Antitrust for Airlines
J. Bruce McDonald
November 3, 2005
It is a pleasure to be here with the leaders of regional aviation in the U.S. The service that your airlines provide is increasingly important, most obviously for the 500 airports served only by a regional airline and the twenty percent of all U.S. passengers whom you carry to and from home each year. Those of you who are successful low cost carriers are doing the traveling public a great service, and you are setting an example of efficient competition that is being followed by carriers all over the U.S. and in places as far away, literally and figuratively, as China, where a fledgling regional airline industry is winning over customers and even government regulators.
As a customer of regional airlines since childhood, I'm a big fan. I grew up near College Station, Texas, home of Easterwood Airport, where the only scheduled air service was provided by Davis Airlines. For about $20 half that for students or military flying standby Guy Davis would take you to Dallas Love Field or Houston Intercontinental. Checking in no less than 20 minutes before flight time, Mrs. Davis took your ticket and, in her beautiful Texas voice, announced the flight. "Davis Airlines announcing Flight 101 to Houston. Gate A. Y'all can get on board now." Passengers took their own bags onto the tarmac, where Mr. Davis loaded them into a little Piper Navajo. "Thank you, Mr. Davis." When all the passengers, and that was never too many, were on board, Mr. Davis climbed in behind you, closed the door, and took the pilot's seat. It was one of the biggest thrills of my teenage life to have arrived early enough to be first in line, and to have Mr. Davis send me up to the last seat on the right, the co-pilot's seat. Those were the days.
That's enough from my childhood, but again I'm glad to be here.
Debbie McElroy asked me to speak about airline merger policy and the effects of airline bankruptcies, high fuel prices, and the other problems that unfortunately have become business-as-usual in your industry.
The Department of Justice Antitrust Division is responsible for enforcing the federal antitrust laws, and we have the authority to review mergers to determine if they may lessen competition. In that context, you will not be surprised that DOJ does not have a merger policy that is specific to the airline business, or any other particular industry for that matter. This is not meant to sound contrarian; you should be pleased that the Justice Department does not have an aviation grand plan. As for most U.S. industries, and for aviation since deregulation, the organizing principle is competition. And therefore the market should identify good merger partners, produce winners and losers, and of course decide what airlines fly where and how much they charge. The government antitrust role is to maintain competitive markets by seeking to block anticompetitive mergers in court, and otherwise to stay out of the way.

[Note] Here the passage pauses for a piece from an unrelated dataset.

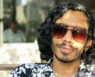
கொழும்பில் கடந்த வெள்ளிக்கிழமை காணாமல்போன இளைஞன் உயிரி

முந்த நிலையில் மீட்கப்பட்டமை தொடர்பான விசாரணைகளுக்காக மாலைதீவு பொலிஸார் இலங்கை வந்துள்ளனர். வெள்ளாவத்தை கடற்கரையில் மீட்கப்பட்ட இரண்டு சடலங்களில் ஒரு சடலம் காணாமல் போன மாலைதீவைச் சேர்ந்த வருடையது என அடையாளம் காணப்பட்டுள்ளது எனப்பொலிஸார் தெரிவித்துள்ளனர். இது தொடர்பான விசாரணைகள் இடம்பெறுகின்றன எனத் தெரிவித்துள்ள பொலிஸார், மாலைதீவு பொலிஸாரும்

DOJ does have a view on how to determine whether a merger may lessen competition. Our approach is outlined in our Horizontal Merger Guidelines, available on the DOJ website. And our lawyers and economists have as much experience analyzing airline markets as anyone in government. I hope my explanation of our legal analysis seems sensible when viewed from your business perspective.
The statute that applies to mergers is Clayton Act § 7, which prohibits mergers and acquisitions that may substantially lessen competition in any U.S. market. In reviewing a planned merger, DOJ works to predict whether the combination will create or enhance market power or facilitate the exercise of market power. Market power is the ability to profitably raise prices over the long term, without losing sales such that the price increases become unprofitable. The goal of antitrust enforcement is to protect consumers by maintaining competitive markets, which produce high quality and low prices.
The so-called "relevant market" in which we evaluate whether a particular merger will lessen competition is not the whole industry. Rather, we have to look at the markets in which passengers buy air travel. These markets are the particular origin and destination city pairs (and occasionally airport pairs) on which passengers fly. It is competition in particular city pair markets that is relevant to competition for passengers. If a passenger wants to fly from Washington to Myrtle Beach, he's pleased that Air Wisconsin is competing to keep service up and prices down. And it doesn't help that passenger that American Eagle flies to Buffalo, much less that Horizon is competing from Santa Barbara to Portland. If all carriers flying Washington to Myrtle Beach merge and raise prices, the passenger cannot turn to American Eagle's Buffalo service or Horizon's Santa Barbara-Portland service for a competitive alternative.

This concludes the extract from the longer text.